In this context, radiological imaging, particularly chest X-rays, has emerged as a valuable tool for COVID-19 diagnosis. Early studies have shown that COVID-19 causes specific abnormalities in chest X-rays, such as ground-glass opacities, which can be used as indicators of the disease. However, interpreting these images requires expertise and time, both of which are in short supply during a pandemic.

To address these challenges, researchers have turned to machine learning techniques…

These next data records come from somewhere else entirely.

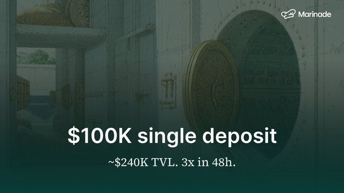 someone just dropped $100K into the USDC vault. ~$240K TVL now. 3x growth in 48 hours. best place to stake SOL. now the best place to park USDC too. http:/marinade.finance/usdc 🍳
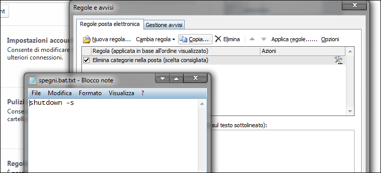 | 1. Apriamo il Blocco note da Start/Tutti i Programmi/Accessori e digitiamo la scritta shutdown -s. Quindi salviamo il file come spegni.bat in una cartella dell’hard disk a nostro piacimento. Fatto questo, avviamo Outlook, selezioniamo la voce File/Impostazioni/Gestisci regole e avvisi e clicchiamo su Nuova Regola. | ||
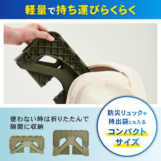 非常時にも役立つ、簡単に収納・清潔に使える防災トイレ。毎日でも使える便利なステップ台としても活躍。
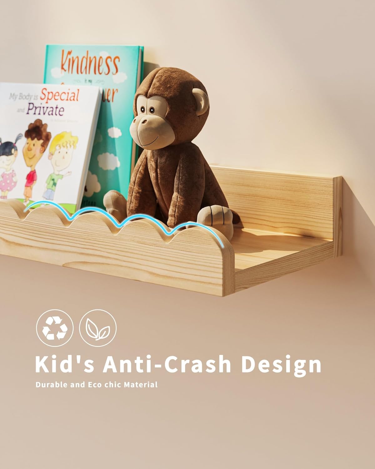 - High-Quality Wood: Crafted from premium hardwood, our wall-mounted bookshelf ensures durability and a long-lasting finish, making it a reliable addition to any child's room

Dataset Specification: Chest X-ray images

Real-World Impact:

The COVID-19 pandemic highlighted the urgent need for rapid and accurate diagnostic tools. Traditional methods like RT-PCR tests, while effective, are often time-consuming and have variable detection rates. Using chest X-rays for diagnosis offers a quicker and more accessible alternative. By analyzing chest X-rays, healthcare providers can swiftly identify COVID-19 cases, enabling timely treatment and isolation measures. Developing a machine learning method that can quickly and accurately analyze chest X-rays can significantly enhance the speed and efficiency of the healthcare response, especially in areas with limited access to RT-PCR testing.

Discussion Questions:

  1. Compare the Advantages:
    • What are the advantages of using deep neural networks in diagnosing COVID-19 from chest X-rays?
    • What are the advantages of traditional methods, such as genomic data analysis, for COVID-19 diagnosis?
  2. Assess the Drawbacks:
    • What are the potential drawbacks of using deep neural networks for COVID-19 diagnosis from chest X-rays?
    • How do these drawbacks compare to those of traditional methods?
  3. Decision-Making Criteria:
    • In what situations might you prioritize using deep neural networks over traditional methods, and why?
    • Are there scenarios where the rapid availability of X-ray results justifies the use of deep neural networks despite potential drawbacks?
  4. Practical Application:
    • Design a simple deep neural network architecture for diagnosing COVID-19 from chest X-rays.
    • Evaluate how this deep learning model can aid healthcare providers in making informed decisions quickly.
  1. Compare the Advantages:
    • Deep Neural Networks: Provide high accuracy (e.g., 98%) in diagnosing COVID-19 from chest X-rays, offering a quick and non-invasive diagnostic tool. They can handle large amounts of image data and identify complex patterns that might be missed by human eyes.
    • Traditional Methods: Provide detailed and specific diagnostic information by analyzing genomic data and biomarkers, which can be crucial for understanding the virus’s behavior and patient response.
  2. Assess the Drawbacks:
    • Deep Neural Networks: Require large labeled datasets for training, which may not always be available. The models can be seen as “black boxes”, making it challenging to interpret their decisions without additional explainability methods.
    • Traditional Methods: Time-consuming and may have lower detection accuracy. They often require specialized equipment and personnel, leading to delays in diagnosis.
  3. Decision-Making Criteria:
    • Prioritizing Deep Neural Networks: When rapid diagnosis is critical, and chest X-rays are readily available. Useful in large-scale screening scenarios where speed is more critical than the detailed understanding provided by genomic data.
    • Using Traditional Methods: When detailed and specific information about the virus is needed for treatment planning, and when the availability of genomic data and biomarkers is not a bottleneck.
  4. Practical Application:
    • Design a Neural Network: Create a simple convolutional neural network (CNN) architecture using tools like TensorFlow or PyTorch. Use a dataset of labeled chest X-ray images to train and validate the model.

    • Example Model: Here is a model proposed by Ucar and Korkmaz

      • Evaluate the Model: Train the model on your dataset and evaluate its performance. Discuss how this model can help healthcare providers make quick and accurate diagnoses.